A “skill”, which is the Amazon equivalent of a smartphone app, can be installed and then put to test with questions. Around 1,000 health-related skills on Amazon, most of them free, are now  available for download.

Alexa can be gradually improved, by introducing new skills, which is exactly what Amazon is trying to do now, by filing for this new patent.

The New Alexa will do more than answer patients’ questions

If Amazon were to introduce this technology, a service planned by the NHS could become its competition. Earlier this year, Health Secretary Matt Hancock said the NHS was preparing to make information from its NHS Choices online service available through Alexa.

The new Amazon system would be an improvement, because it could detect whether people are ill only through voice analysis, without asking any health related questions.

There are many ways Alexa’s findings could be used, for instance,automatically playing advertisements for sore throat products could be directed to people who sound as if they have a sore throat.

If developed as expected, Alexa’s new feature will help fight certain conditions that are not necessarily health related, but that could influence general well-being.
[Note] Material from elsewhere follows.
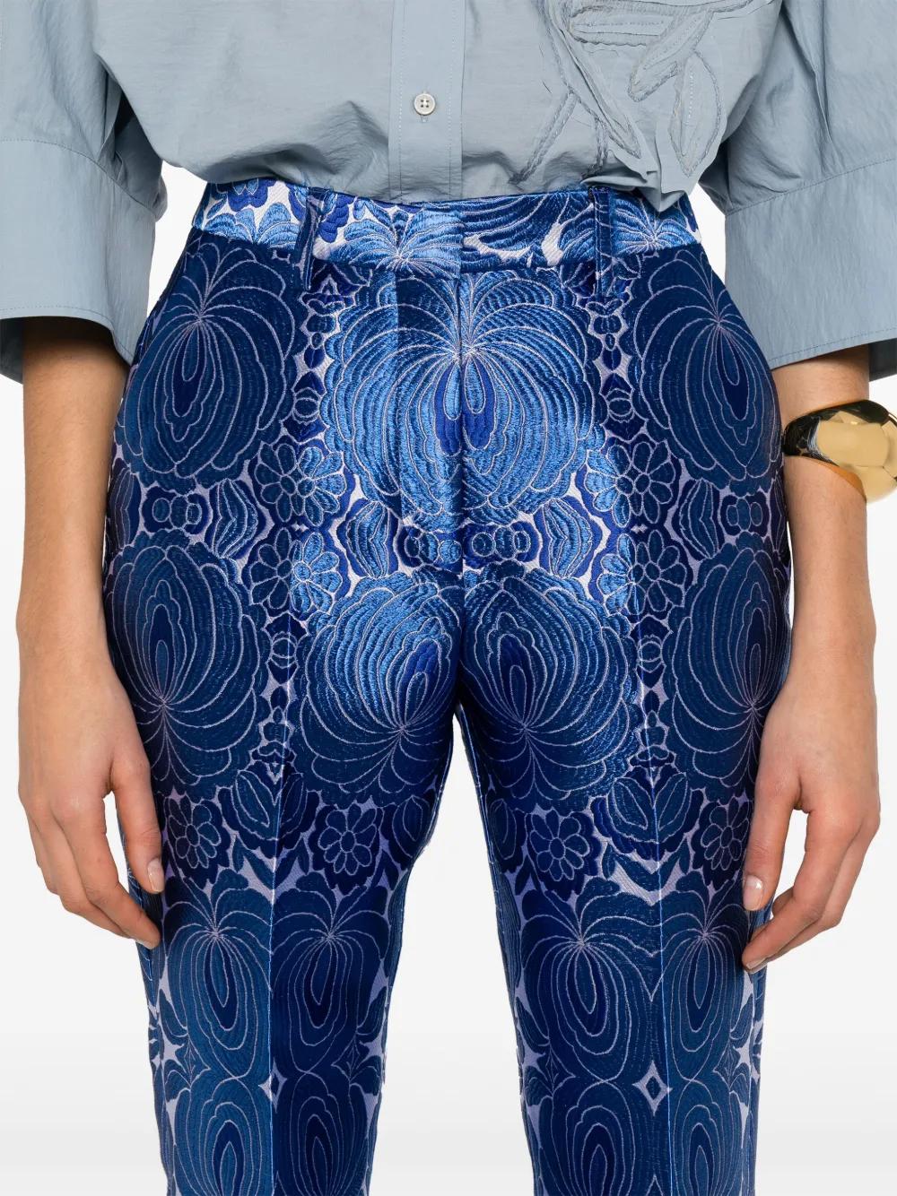 pacific blue concealed front button, hook and zip fastening two diagonal pockets to the sides two rear welt pockets belt loops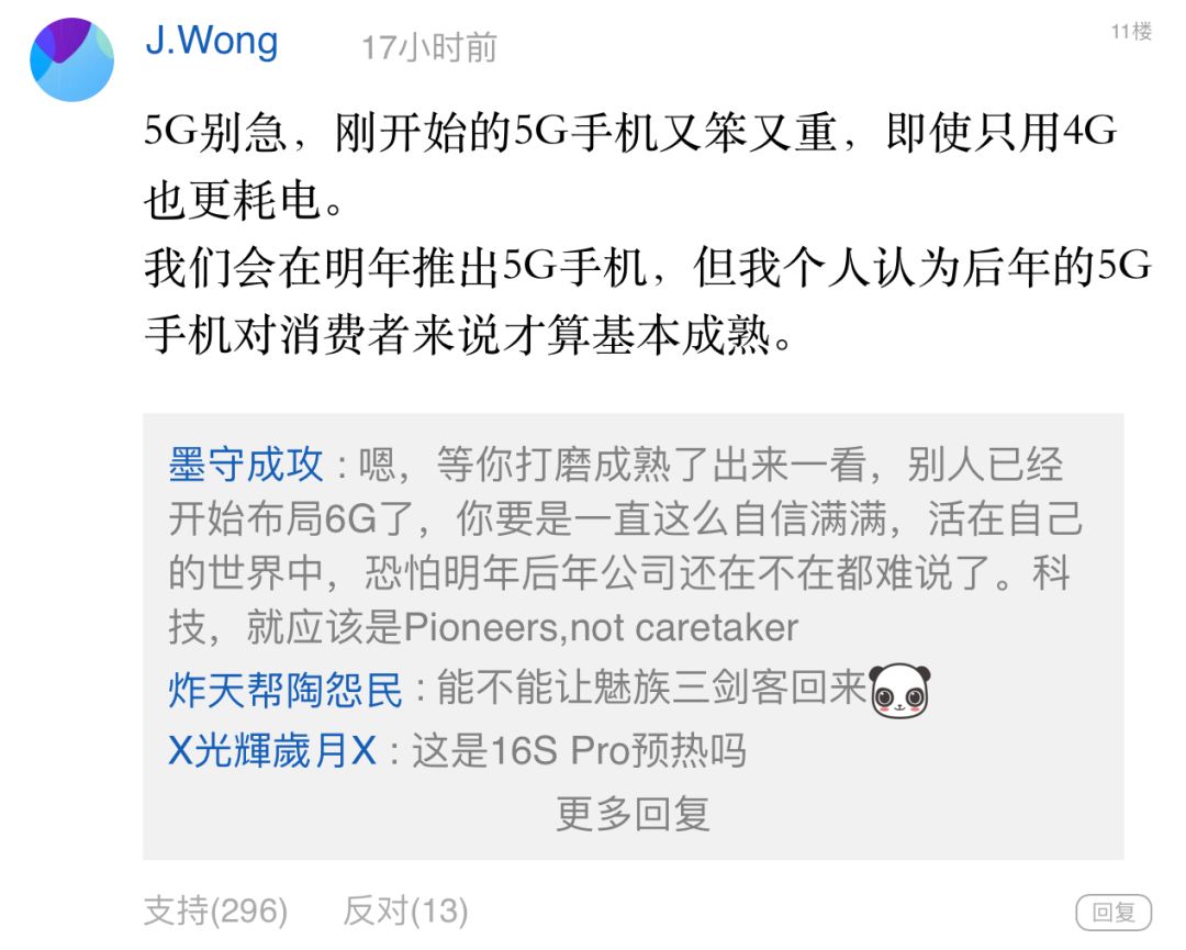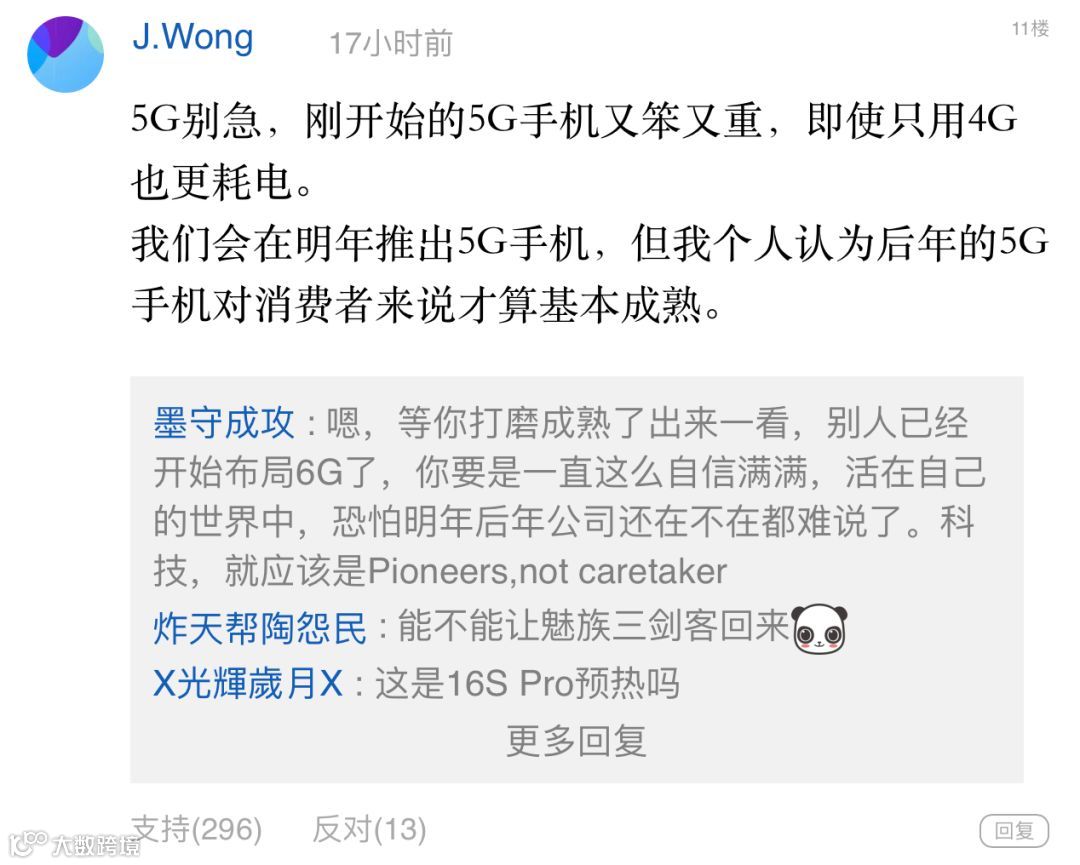 另外,沉寂许久的论坛J.Wong终于回来了~昨日,有魅友在魅族社区问道“魅族什么时候出5G版手机?”,黄章也在第一时间进行了回应。

Amazon describes a system where Alexa could detect boredom or tiredness in one’s voice and suggest ways to fight these moods.
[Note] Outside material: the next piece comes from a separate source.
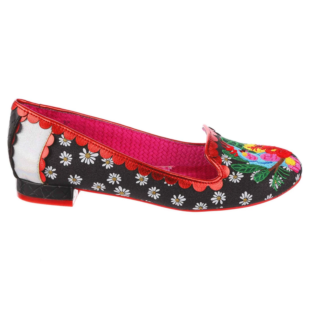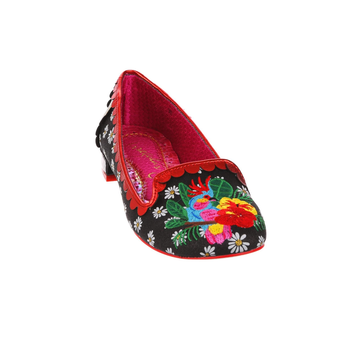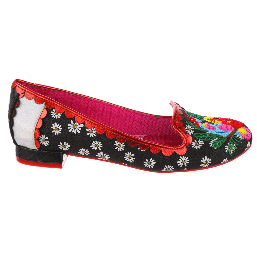 Are you a real bird of paradise? We reckon these flats will be singing to you! A gorgeous black glitter fabric is printed with daisies, bordered with a metallic red scalloping and adorned on the toe with the most darling embroidery of a cockatoo! Fun, flirty and flat, they are a great wardrobe staple!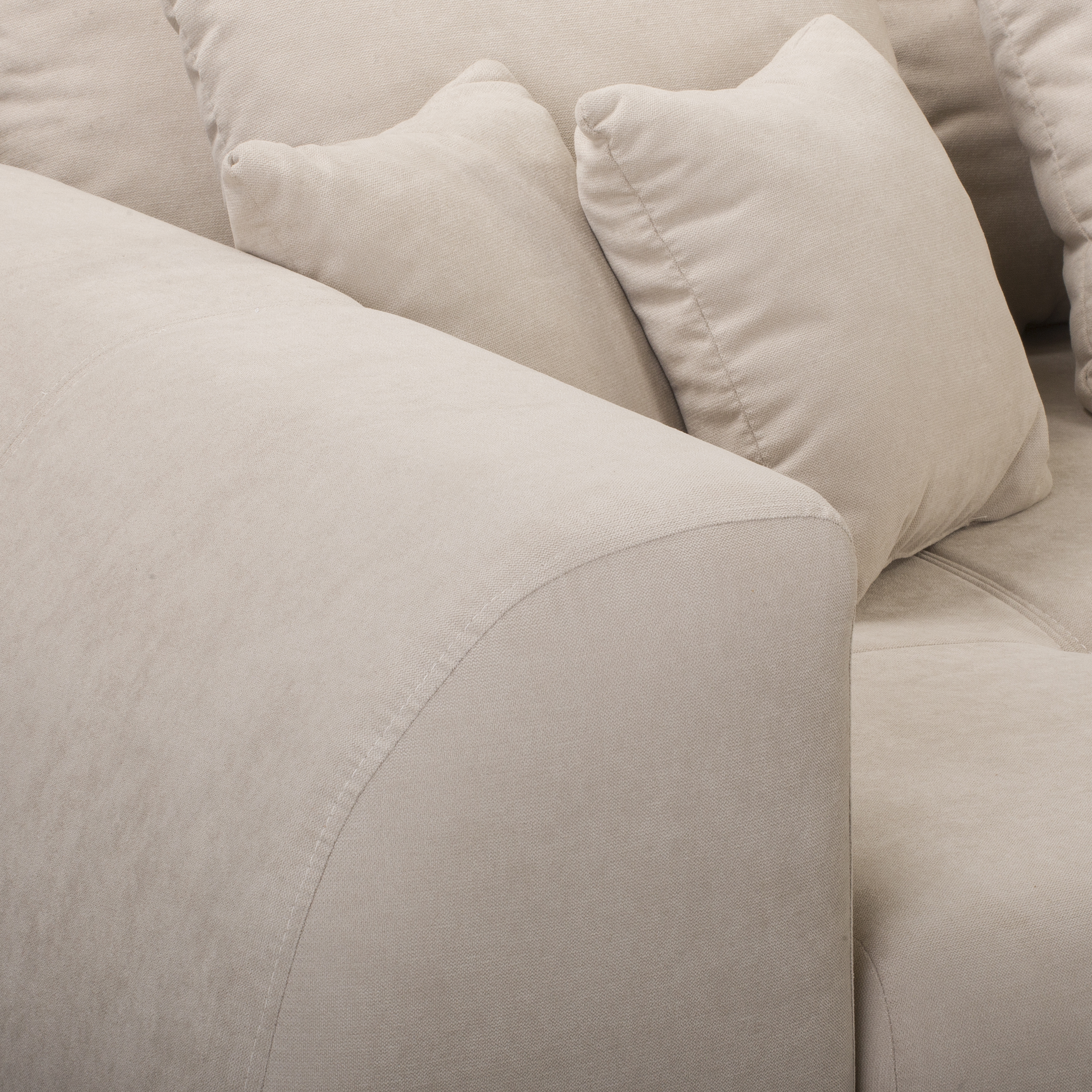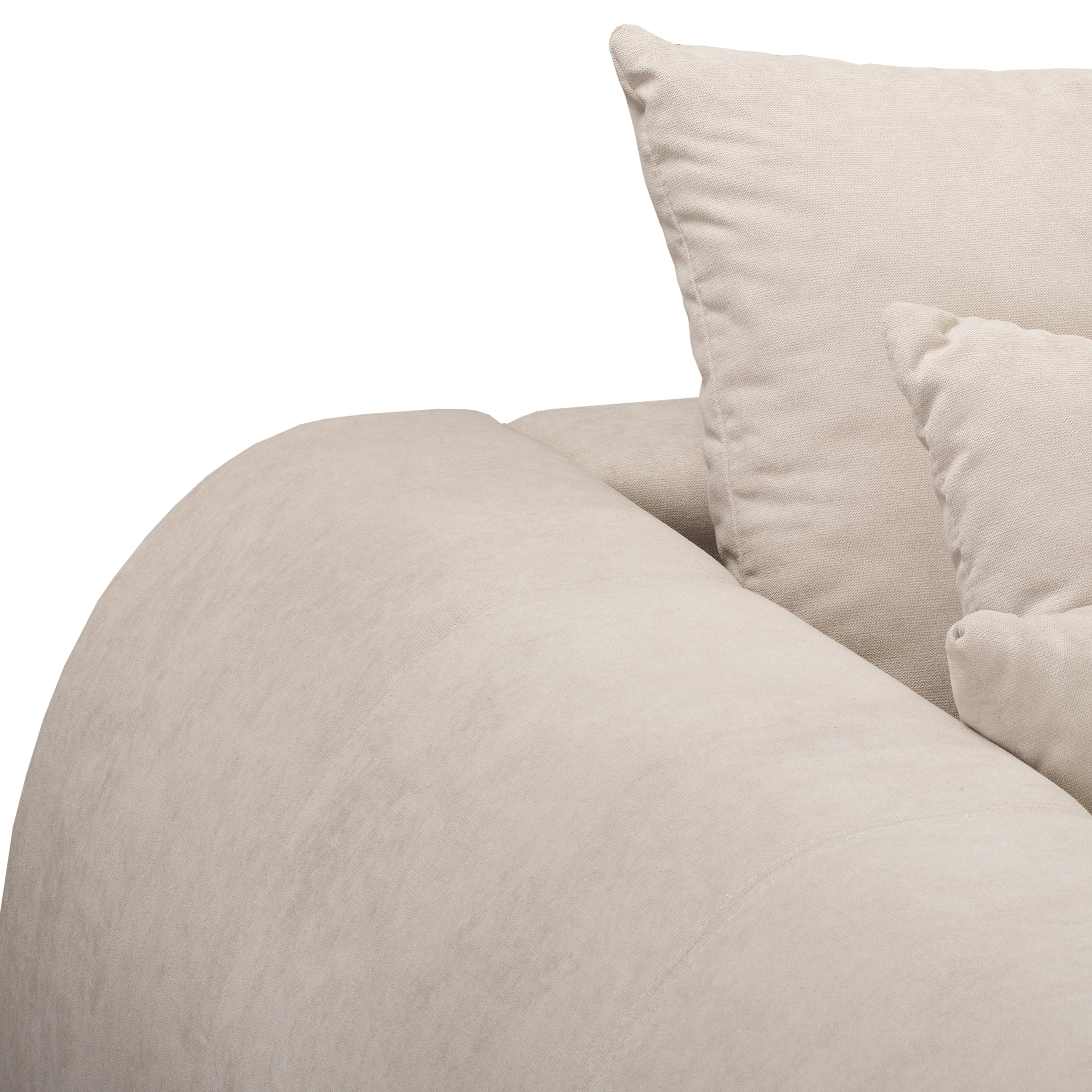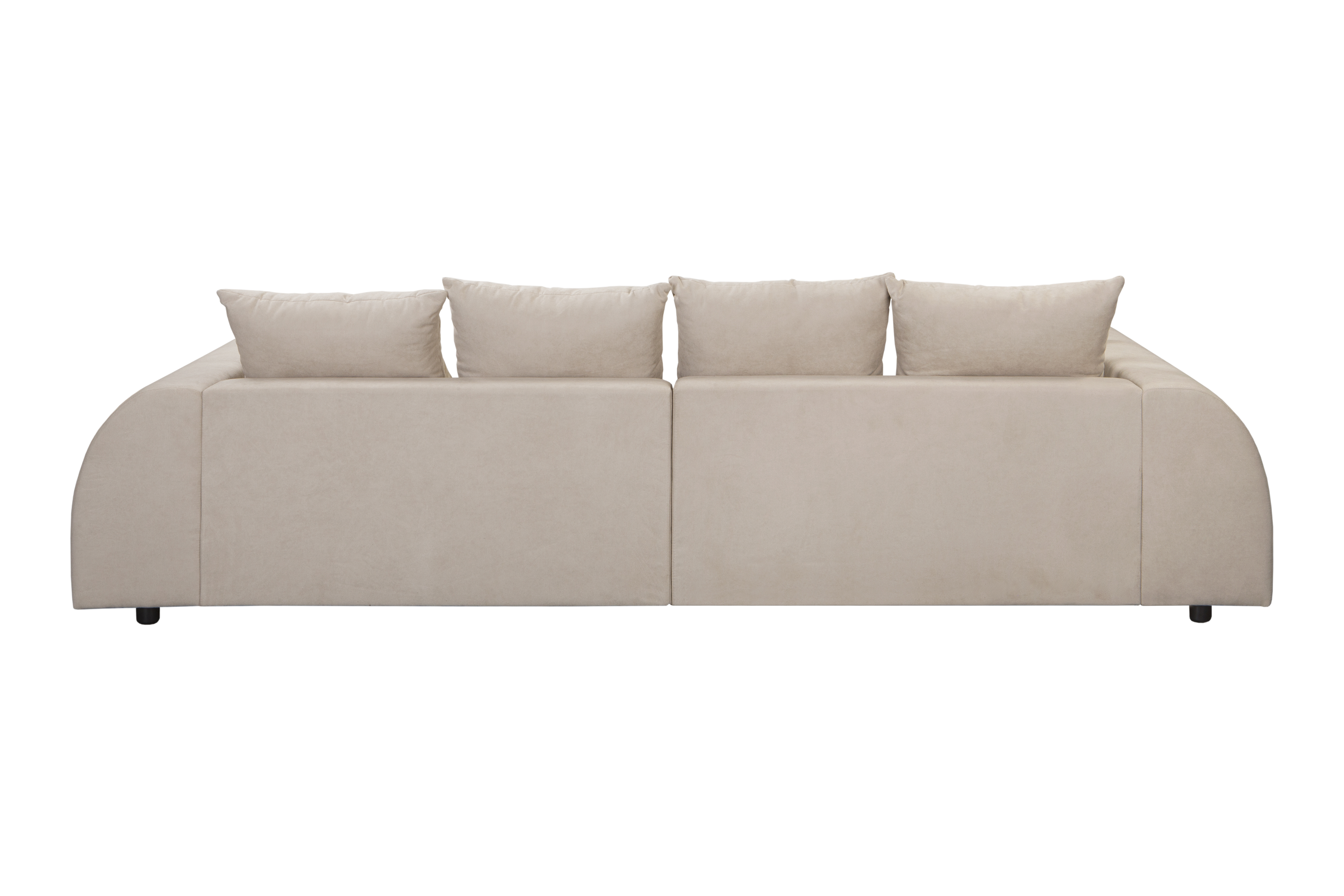 Tkanina welurowa użyta do obicia sofy jest miękka, przyjemna w dotyku i trwała. Jej jednolite pokrycie, również z tyłu oparcia, sprawia, że sofa dobrze prezentuje się z każdej strony – także jako wolnostojący mebel.

In the future, Alexa could even listen for crying users and label them as experiencing an “emotional abnormality.” it is however unclear how Alexa would be able to detect whether someone was crying from distress or, on the contrary, from relief.

Amazon expects to make money by targeting advertisements, via Alexa, to respond to certain moods. According to a scenario presented in the patent filing, a singer could pay for advertisements on Alexa for a new album which would be played to people who are detected as being in the grip of a certain mood.

We may not know, however, which of these features will exist in the new Alexa, or even whether Amazon is even working on any of these features. Sometimes, technology companies file many patents, including for aborted products and ideas, many of which would never come to life. Amazon has been focusing on healthcare, in recent years. Last June, the company announced it had bought Pillpack, a US company which mails prescriptions to patients. The move shook up the whole drugstore industry, but even before that, some actions Amazon took proved its interest in disrupting healthcare. If this new achievement proves to play out as specialists anticipate, Amazon would have succeeded in revolutionizing the system even more than before.